┌─ Stored data
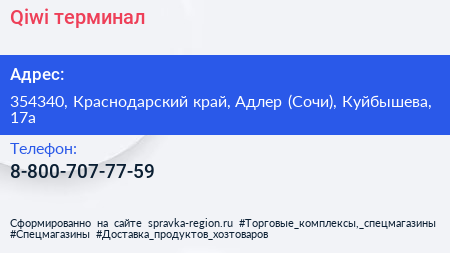 Qiwi, терминал по адресу 354340, Краснодарский край, Адлер (Сочи), Куйбышева, 17а в дальнейшем Организация, размещена в следующих категориях:
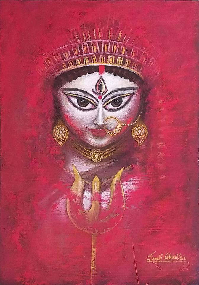 Ghosh'.The artworks show the cognizance of her grasp of fine arts. The wholeness, harmony, and radiance in her beautiful artworks appear to be realistic and lively.
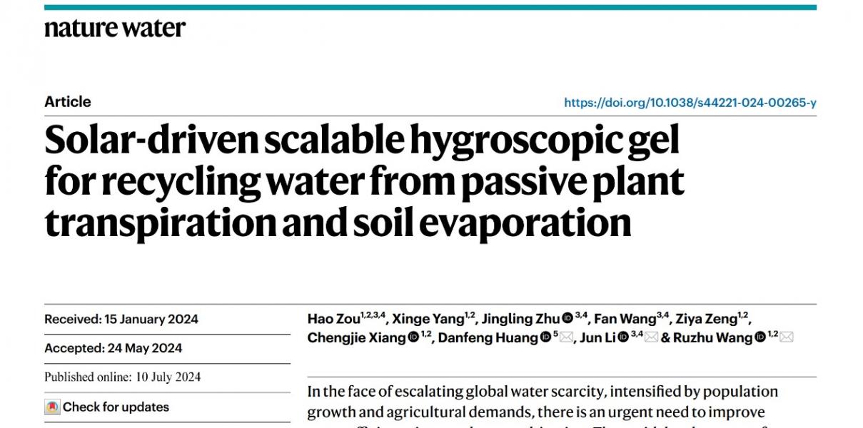 王如竹团队提出太阳能驱动水凝胶空气取水材料,助力温室水循环和再利用
└─
(Problem statement) Return every line above verbatim, pictures excluded.

(Written response)
 Qiwi, терминал по адресу 354340, Краснодарский край, Адлер (Сочи), Куйбышева, 17а в дальнейшем Организация, размещена в следующих категориях:
 Ghosh'.The artworks show the cognizance of her grasp of fine arts. The wholeness, harmony, and radiance in her beautiful artworks appear to be realistic and lively.
 王如竹团队提出太阳能驱动水凝胶空气取水材料,助力温室水循环和再利用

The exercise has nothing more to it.